I also said there – and will say again today – that we would also be happy to see the private sector playing an active role in the ITU-IMPACT initiative, the first truly global multi-stakeholder and public–private alliance against cyberthreats.
ITU-IMPACT already brings together more than 140 countries, and is a very powerful example of the type of success that can be achieved at the international level.
Ladies and gentlemen,
I am firmly convinced that we must now work together to set international policies and standards, and to build an international framework of norms and principles for cybersecurity and cyberpeace.
As a specialized agency, ITU provides a global forum for discussing cybersecurity, and has been entrusted by world leaders to facilitate international dialogue and cooperation.
Within a global framework, the international community could recognize international norms and principles which are aimed at building a common understanding on ways of ensuring peace and stability in cyberspace.
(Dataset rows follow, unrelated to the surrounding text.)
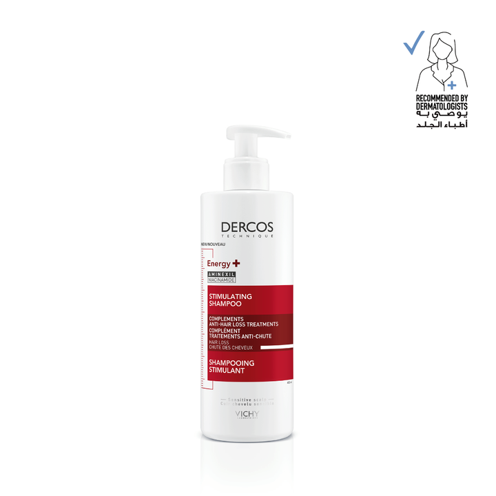 Vichy Dercos Energising Anti Hair Fall Shampoo is enriched with Vichy's patented molecule Aminexil and vitamins PP, B5, and B6, Energising Shampoo is designed to reduce the rate of hair loss and maintain the density of thinning hair.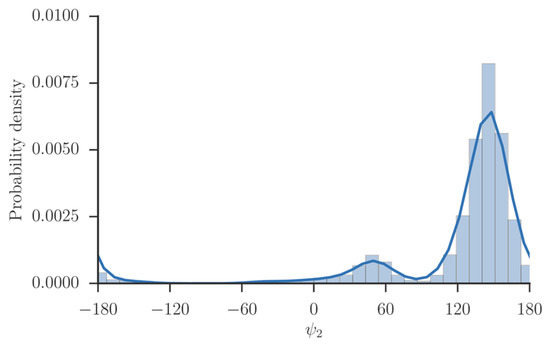 A natural choice for coarse variables to describe backbone transitions in peptide chains are the , and dihedral angles. The torsions of the peptide chain show significantly less flexibility and are not included. We also observed that is locked most of the simulation time in a single minimum (Figure 4). Therefore, we did not choose it as a coarse variable.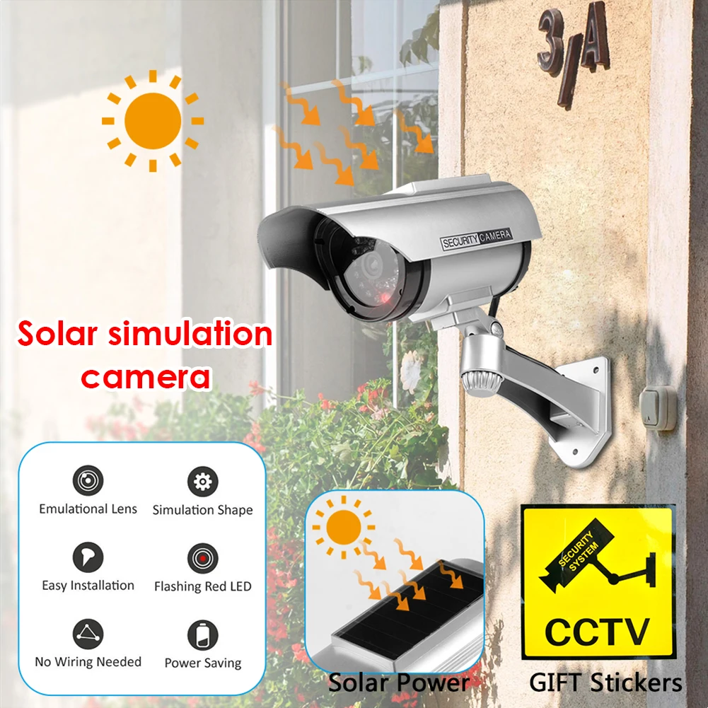 Поддельная камера на солнечной энергии мигающий красный светодиодный монитор Крытый Открытый Моделирование видеонаблюдения Видеонаблюдение Манекен камеры безопасности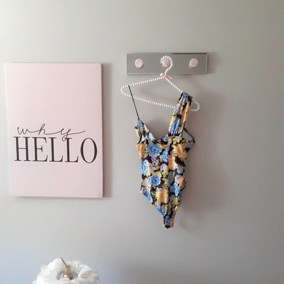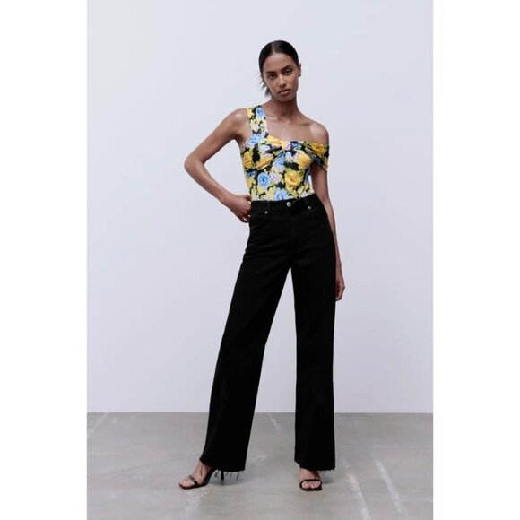 NWOT never worn Zara multicolour floral print asymmetrical wide strap pleated bodysuit
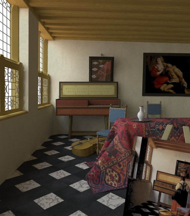 > was sitting, so you can see the easel. The dimension for the room was reconstructed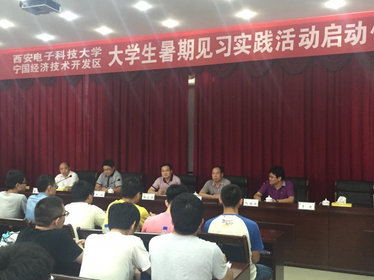 “西安电子电子科技大学—宁国经济技术开发区老员工校外实践教育基地”揭牌仪式于暑期在宁国经济技术开发区管委会隆重举行。宁国市副市长、开发区管委会主任张永强,物理与光电工程公司副经理李平舟,党委副书记林波,开发区党政办、经发局负责人及首批参加暑期生产实习的100余名员工参加仪式。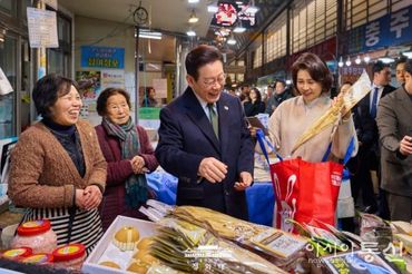 이 대통령 부부, 충북 전통시장 방문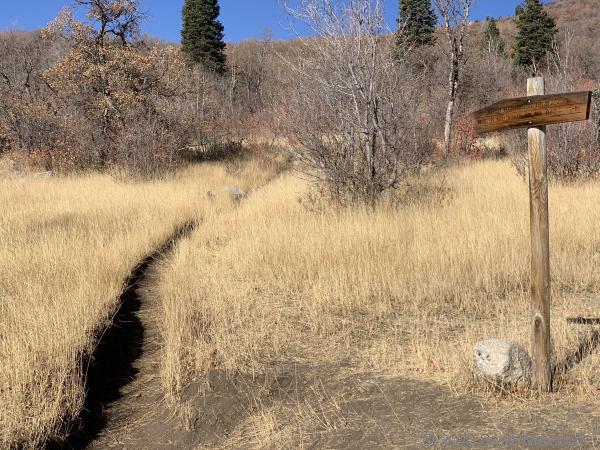At the north east corner of the meadow is another trail sign: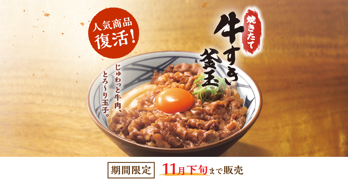 登場以来「定番メニュー化してほしい」というお声を多数いただくほど大人気の『焼きたて牛すき釜玉うどん』が期間限定で販売中です。釜から直接すくいあげて、水で締めずにご提供する「釜抜き麺」は、牛すき焼きの旨みと甘みがよく染み込み、さらに玉子をからめることで三位一体のおいしさがお楽しみいただけます。 焼きたて牛すき釜玉うどん|ここのうどんは、生きている。丸亀製麺打ち立てのうどんに焼きたてのじゅわっと牛肉、玉子をからめてうまい「焼きたて牛すき釜玉うどん」が期間限定の復活です。

In addition, other recommended actions, such as creating a code of conduct on countries’ use of information technology by countries, could help to create a cybersecurity culture at the international, regional and national levels, and create the possibility of having a harmonized and comprehensive approach to cybercrime.
Let me therefore invite you this afternoon to continue doing what we all do best – which is to work together, listening to all the different stakeholders, and building a better future for all the world’s people.
A world where cyberpeace and cybersecurity replace cyberthreats and cybercrime.